- Created by: Michael Cole and Nick Wilson
- Starring: Brian Cant
- Country of origin: United Kingdom

Production
- Producers: Michael Cole, Cynthia Felgate and Nick Wilson

Original release
- Network: BBC1 (1980 – 1982)
- Release: 1 October 1980 – 29 September 1982

= Bric-a-Brac =

British children's television series

Bric-a-Brac is a British children's television series devised by Michael Cole and Nick Wilson, and starring well known children's television presenter Brian Cant. It was produced by the BBC and originally ran from 1 October until 5 November 1980, with another series from 18 August to 29 September 1982. It was repeated frequently until 1989.

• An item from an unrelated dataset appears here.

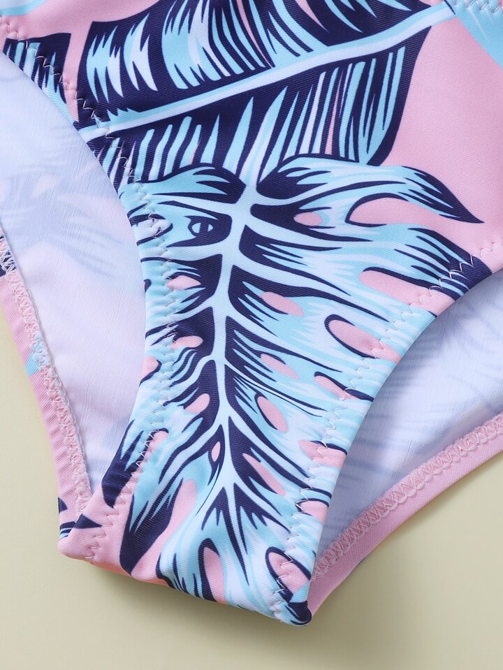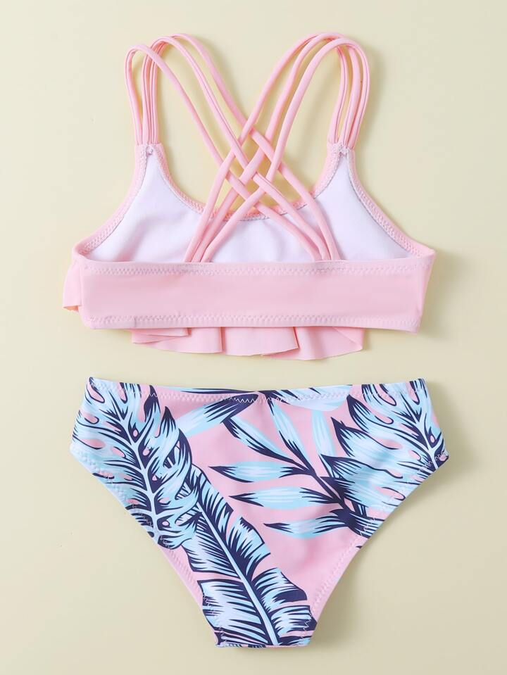 Kleine Mädchen Tropical Kreuz-Rücken Volant Bikini Set für Sommer und Strand

The programme was set in a fictitious junk shop, with its shopkeeper played by Cant, who would deliver a monologue to camera. Each episode centred on a particular letter of the alphabet, with different items beginning with that letter found and discussed by the shopkeeper. Cant's script made heavy use of alliteration, and made use of tongue-twisters. At the end of each episode, he would wind up and set off a traditional clockwork toy, upon which the camera would focus whilst the credits rolled.

==Theme music==
The theme music is an edited version of the track "Keystone Capers 2" by Eric Peters from the KPM LP Electrosonic (1972).